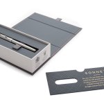 Keramické pero Parker Royal Sonnet Stainless Steel CT má tělo a víčko vyrobené z broušené nerezové ocele. Doplňky jsou pokovené palladiem. Víčko zabraňující vysychání náplně je nasazovací. Dodáváno v elegantní dárkové krabičce s 1 černou náplní vloženou mimo pero.
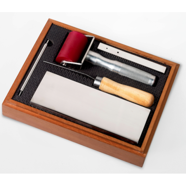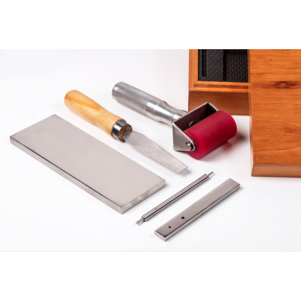 Incluso: Estojo em madeira, barra dosadora em inox, pino estrator de tinta, espátula metálica de ponta fina, aplicador com cabo, rolo nbr 50 shore "A", base de dispersão em inox espelhado (Prancha de estratificação). Proteção anticorrosiva para ambiente de laboratório.
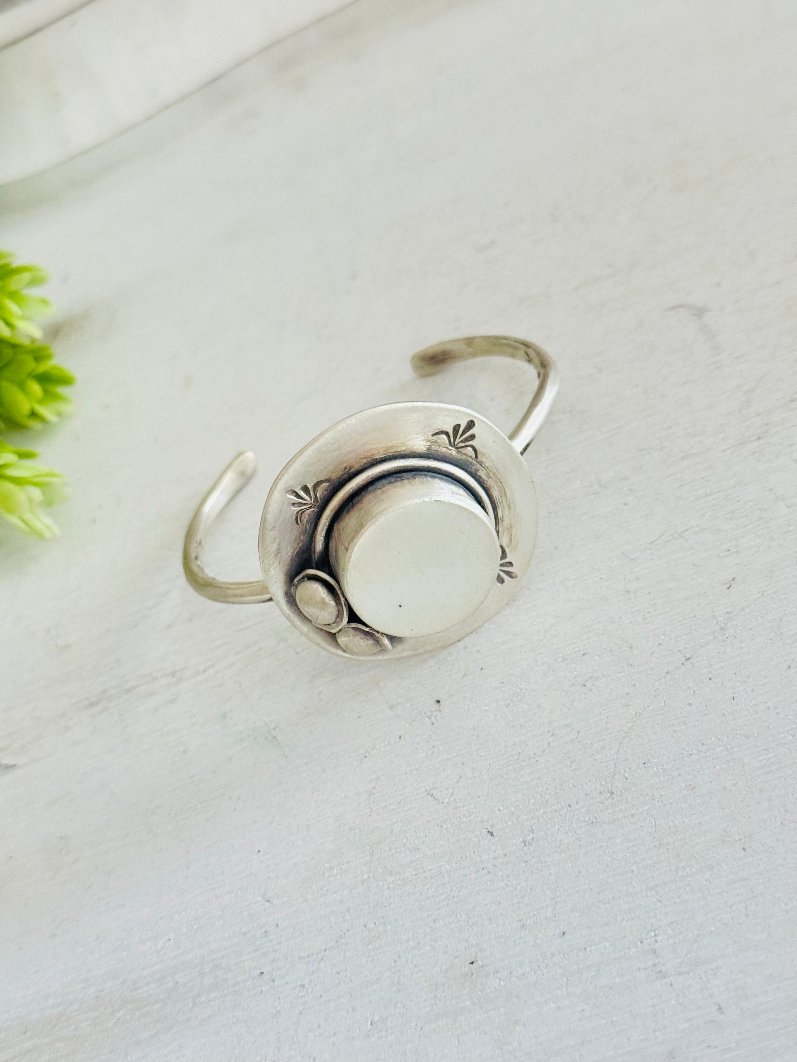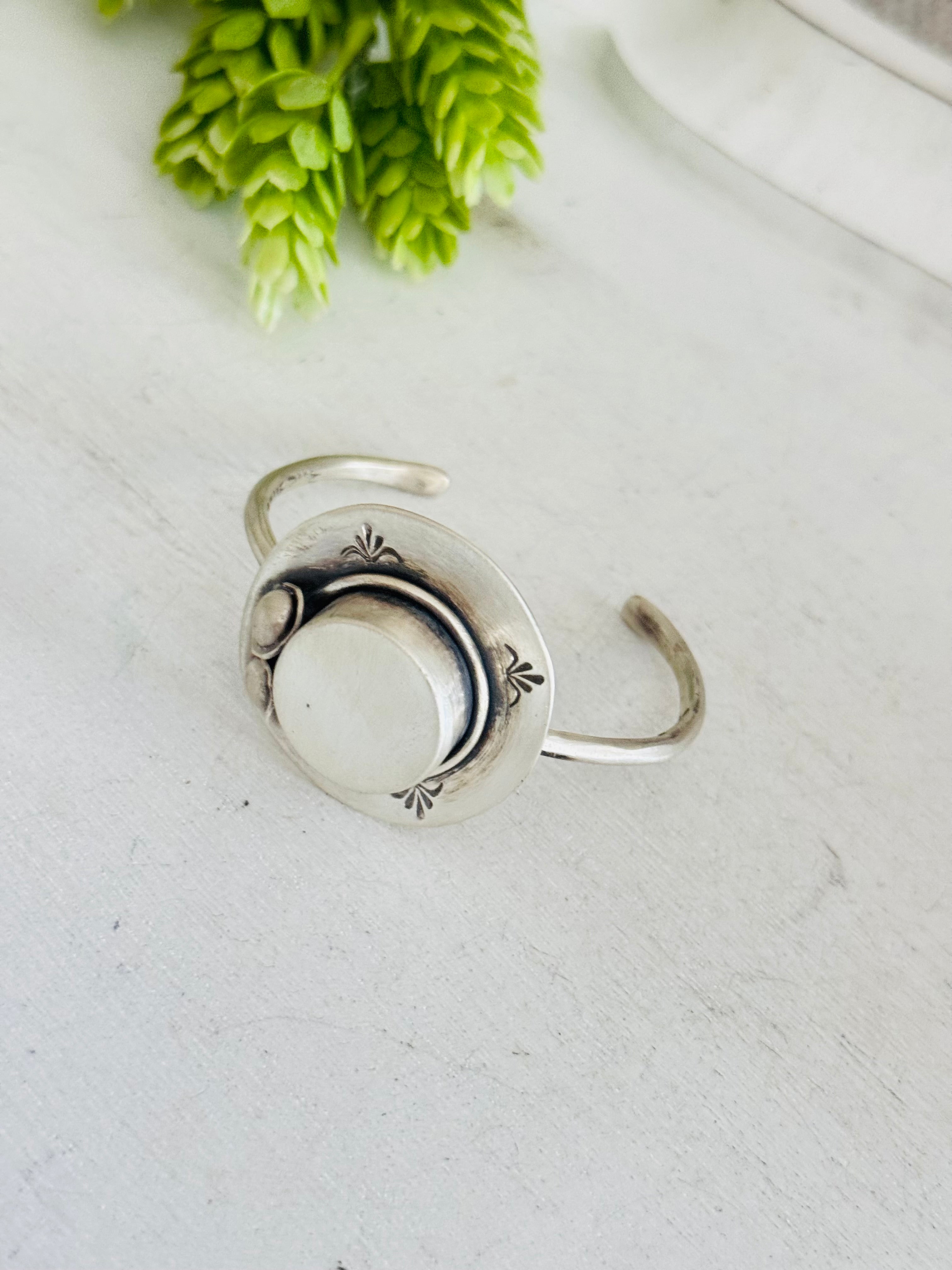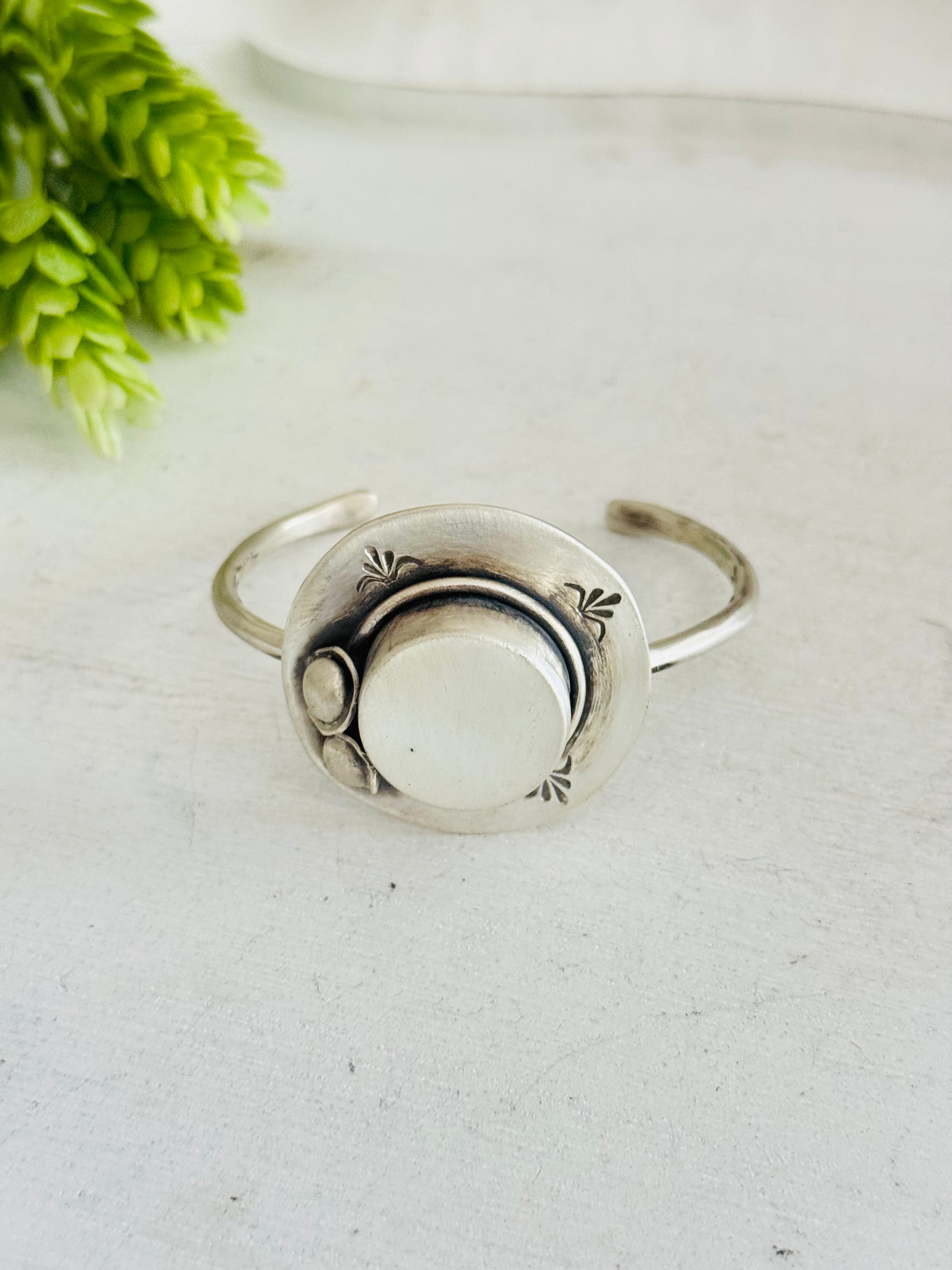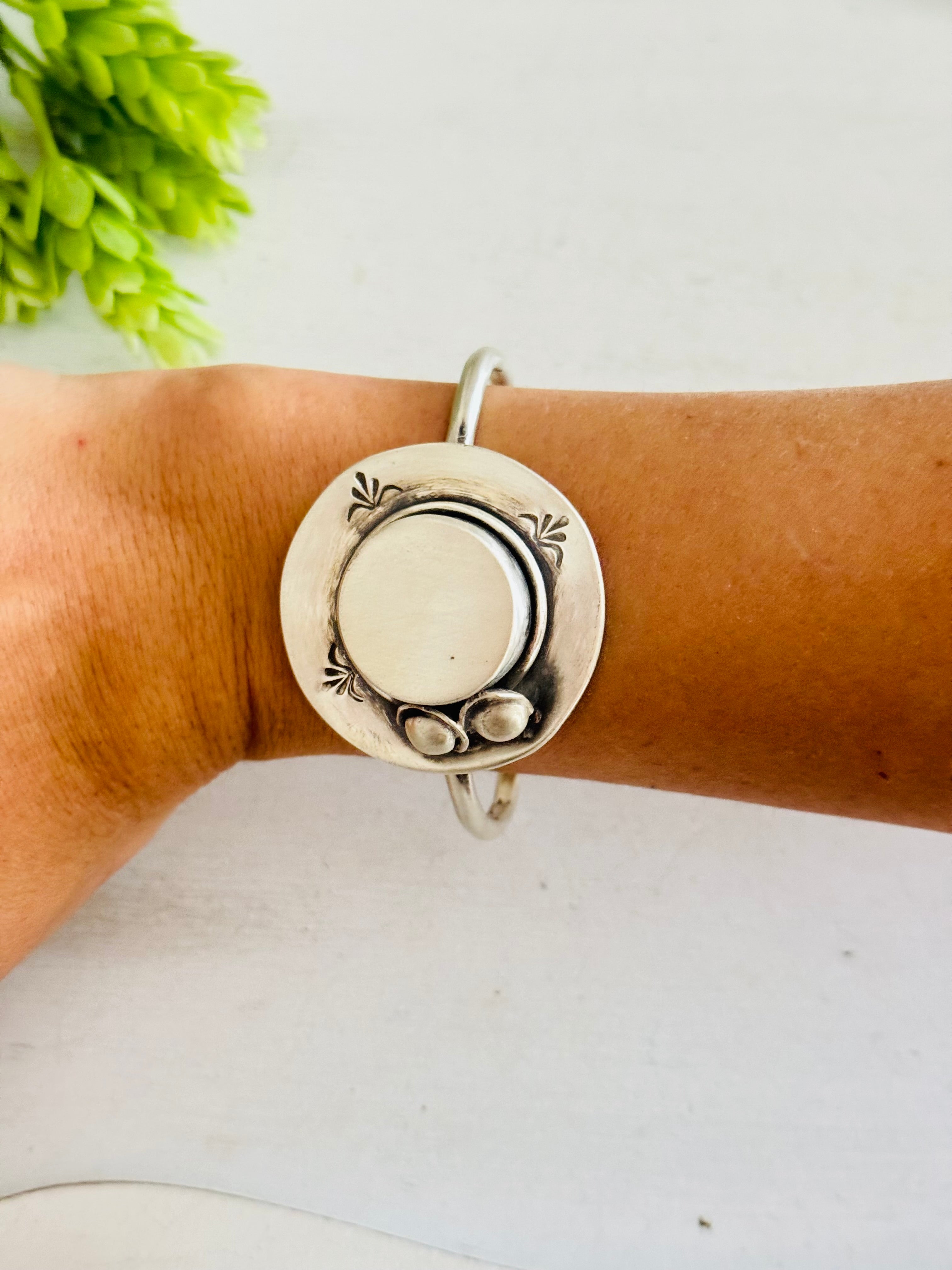 Larry Jackson Sterling Silver Cuff Bracelet. It measures 1 1/2 inches wide with an inside circumference of 5 1/8 inches and a gap of 1 3/8 inches. Signed by artist and stamped sterling silver.
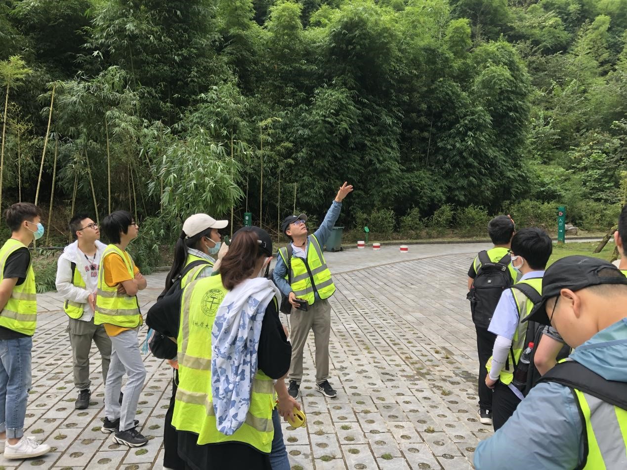 刘修国老师在三峡竹海给同学们讲解峡谷地貌开发利用条件
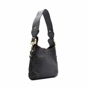 - Design: Curved mini hobo silhouette with embossed monogram
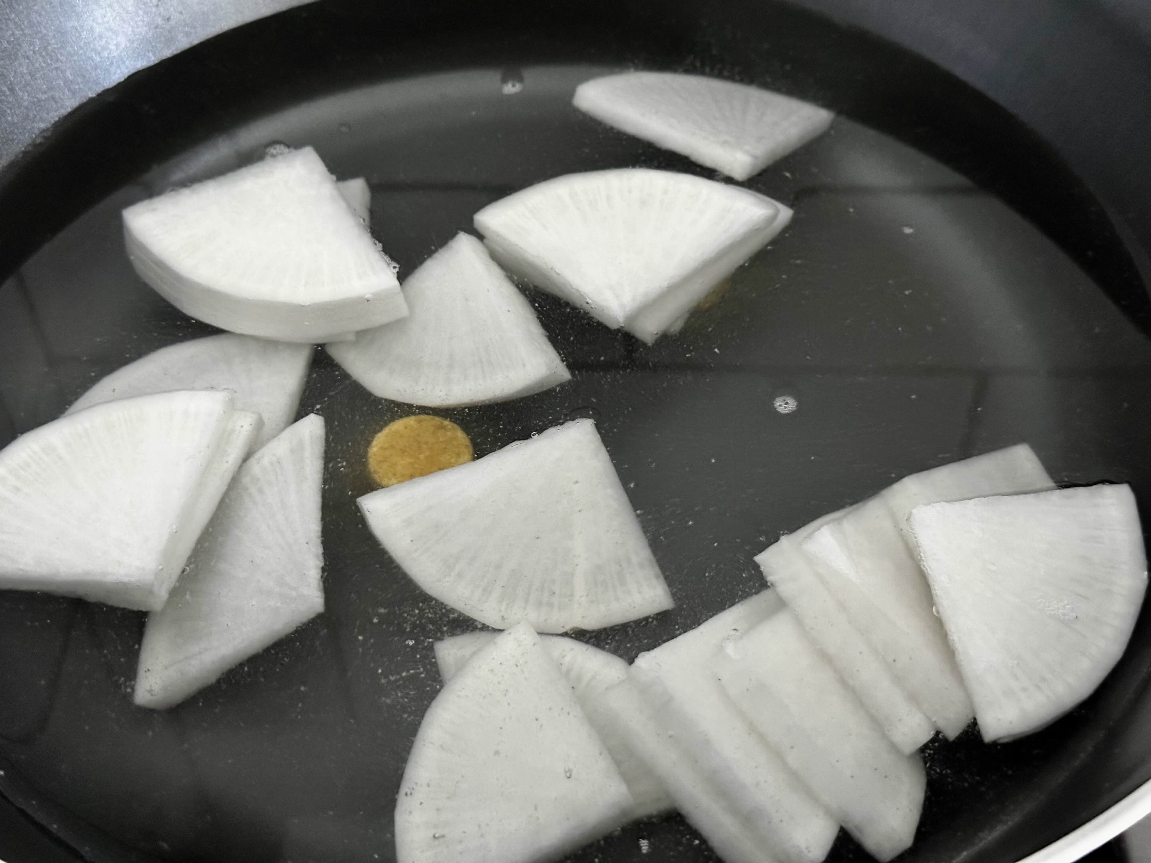 3. 이제 물 1리터에 코인육수 2알을 넣어주시고 무를 잘 잘라서 같이 끓여주세요.
******************************
## Exercise description
Every line from the one with "Larry Jackson Sterling" to the end of the records above should be restated word for word, and no picture belongs in the copy.

## Completed task
 Larry Jackson Sterling Silver Cuff Bracelet. It measures 1 1/2 inches wide with an inside circumference of 5 1/8 inches and a gap of 1 3/8 inches. Signed by artist and stamped sterling silver.
 刘修国老师在三峡竹海给同学们讲解峡谷地貌开发利用条件
 - Design: Curved mini hobo silhouette with embossed monogram
 3. 이제 물 1리터에 코인육수 2알을 넣어주시고 무를 잘 잘라서 같이 끓여주세요.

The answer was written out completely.